When winter blows in, you can pull the blankets over your head and go back to sleep—or you can suit up and head out for an outdoor winter adventure!
There is no reason you need to take a break from physical activity when the temperature drops. In fact, exercising in cooler weather has some distinct advantages over working out in warmer weather.
Tips to Keep in Mind
- No heat and humidity to deal with. Winter’s chill might make you feel awake and invigorated.
- You may be able to work out longer in cold weather—which means you can burn even more calories.
- It’s a great way to take in the sunlight (in small doses). Not only can light improve many people’s moods, it also helps you get some vitamin D.
- Exercise boosts your immunity during cold and flu season.
Staying warm and dry when heading out to exercise in cold weather is all about layers. A little preparation can keep you safe from cold weather hazards like hypothermia and frostbite.
Cold temperatures, strong winds and damp conditions (like rain and snow) steal your body heat. For example, according to the National Weather Station, a 30-degree day with 30-mile-an-hour winds feels like about 15 degrees. And if you get wet (from rain, snow or perspiration) that effect is only magnified. That is why layers of clothing are so important. They help trap the heat and form a kind of insulation against the elements.

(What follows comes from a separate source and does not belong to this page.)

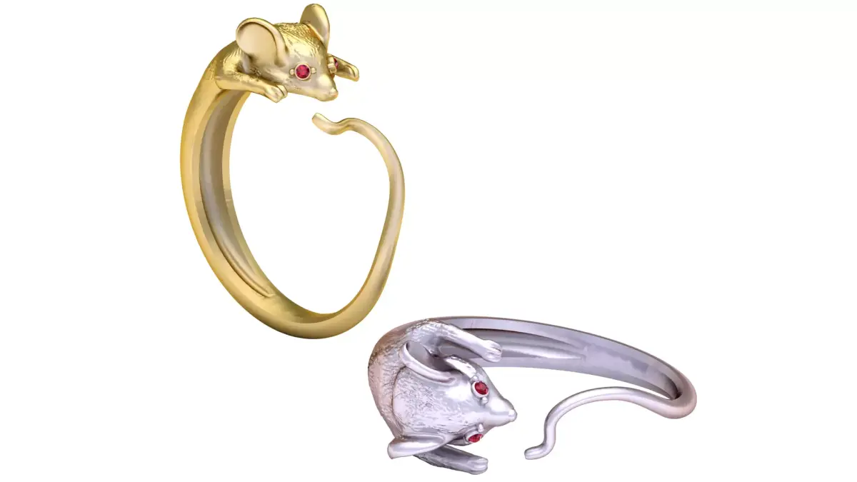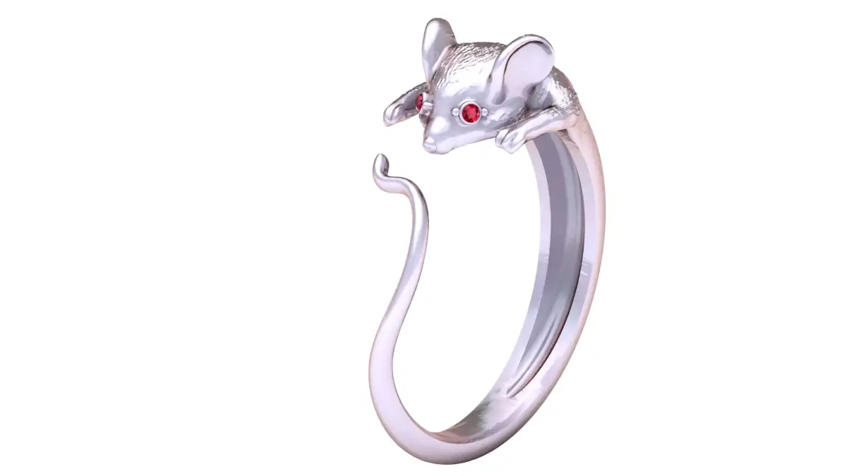 This playful and artistic ring features a finely sculpted mouse design in polished gold, wrapped gracefully around the finger. The mouse’s lifelike details, from its ears to its tiny paws, bring charm and character to the piece. Its eyes sparkle with brilliant ruby-red gemstones, adding a touch of luxury and striking contrast. The tail elegantly curves to complete the open-band design, making this ring both whimsical and stylish.

Resist your instincts to start layering with cotton. Once cotton becomes wet with sweat or snow, the moisture is trapped and will actually make you feel colder (and heavier). For your first layer, you want something that pulls moisture away from your skin, like moisture-wicking fabrics used in high-performance sportswear. Next, add a layer of fleece, finally, top with a thin waterproof layer. Remember to stay hydrated – don’t forget to drink water when exercising in cooler weather. Thirst isn’t the best indicator that you need to drink.